Rep. John Conyers (D-Michigan) has been a member of the U.S. House of Representatives for so long that he sometimes forgets whether he’s served 23 or 24 terms. Now there’s a possibility that the second-most senior member of the House won’t return for a 25th term due in large part to his state’s redistricting plan.
Based on the new lines, Conyers would lose many of his current constituents in Highland Park and west Detroit and gain hundreds of thousands of new, wealthier voters in Oakland County and the Grosse Pointes. In addition, he and Rep. Hansen Clarke would inherit many of each other’s constituents, which means the freshman Democrat has a redistricting problem, too.

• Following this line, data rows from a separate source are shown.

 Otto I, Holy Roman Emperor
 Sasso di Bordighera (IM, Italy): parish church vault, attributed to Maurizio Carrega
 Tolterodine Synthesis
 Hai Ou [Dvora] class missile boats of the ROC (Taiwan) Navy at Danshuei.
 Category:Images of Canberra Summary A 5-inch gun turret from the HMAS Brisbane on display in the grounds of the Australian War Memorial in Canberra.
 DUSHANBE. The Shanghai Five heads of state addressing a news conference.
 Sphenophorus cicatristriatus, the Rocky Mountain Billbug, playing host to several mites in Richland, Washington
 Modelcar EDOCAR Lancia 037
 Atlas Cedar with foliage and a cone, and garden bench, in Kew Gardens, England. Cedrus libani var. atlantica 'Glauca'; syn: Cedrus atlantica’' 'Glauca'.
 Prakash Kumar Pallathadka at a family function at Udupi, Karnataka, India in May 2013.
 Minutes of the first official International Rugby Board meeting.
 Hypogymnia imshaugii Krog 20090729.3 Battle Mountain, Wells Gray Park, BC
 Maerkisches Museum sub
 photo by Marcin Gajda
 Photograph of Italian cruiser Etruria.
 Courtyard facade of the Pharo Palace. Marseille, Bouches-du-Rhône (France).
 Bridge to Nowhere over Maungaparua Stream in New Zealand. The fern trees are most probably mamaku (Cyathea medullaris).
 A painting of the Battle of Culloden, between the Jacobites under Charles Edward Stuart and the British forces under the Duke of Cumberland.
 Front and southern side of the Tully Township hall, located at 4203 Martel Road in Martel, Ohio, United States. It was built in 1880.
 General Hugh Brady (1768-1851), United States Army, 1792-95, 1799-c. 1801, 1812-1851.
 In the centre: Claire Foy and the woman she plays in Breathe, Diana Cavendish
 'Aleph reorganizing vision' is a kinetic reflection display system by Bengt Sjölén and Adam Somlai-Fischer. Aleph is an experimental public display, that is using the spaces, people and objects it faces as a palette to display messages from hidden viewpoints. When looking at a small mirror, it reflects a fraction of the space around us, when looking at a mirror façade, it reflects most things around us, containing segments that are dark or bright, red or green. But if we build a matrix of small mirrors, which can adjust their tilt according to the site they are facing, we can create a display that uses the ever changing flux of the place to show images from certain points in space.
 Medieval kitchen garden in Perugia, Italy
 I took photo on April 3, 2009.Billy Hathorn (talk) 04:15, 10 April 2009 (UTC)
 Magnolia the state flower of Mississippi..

Rumors have been circulating that the two Black lawmakers may switch districts. The two told BET.com that they’ve agreed to not discuss the matter until Gov. Rick Snyder has approved the new map, which also packs a significant portion of the state’s minority voters in their two districts.
“I must congratulate the Republican gerrymanderers because they got Clarke and myself almost up to the 60 percent [majority-minority] threshold,” he said. “They were very clever in the way they did it.”
But that’s not the 82-year-old lawmaker’s only problem. State Sen. Bert Johnson has announced that he plans to challenge Conyers in the redrawn district, which he says he can represent better.
“This for me is about advocating for people who’ve indicated they believe there is a void and that void needs to be filled,” the African-American lawmaker told The Detroit News. “I have great respect and admiration for Congressman Conyers and what he’s contributed to Detroit and to the country.”
Other contenders may line up behind Johnson, which means that Conyers will have to campaign hard and raise some serious money, which he hasn’t had to do for years. The timing of all of this isn’t great either. His wife, Monica, is serving time in prison after pleading guilty to federal bribery charges and there have been news reports that Detroit properties owned by the couple are in disrepair.
When asked whether he can win in the new district, Conyers said, “I felt like I could win before I ever won” his first election. Time will tell whether voters share his confidence or think it’s time for him to move on.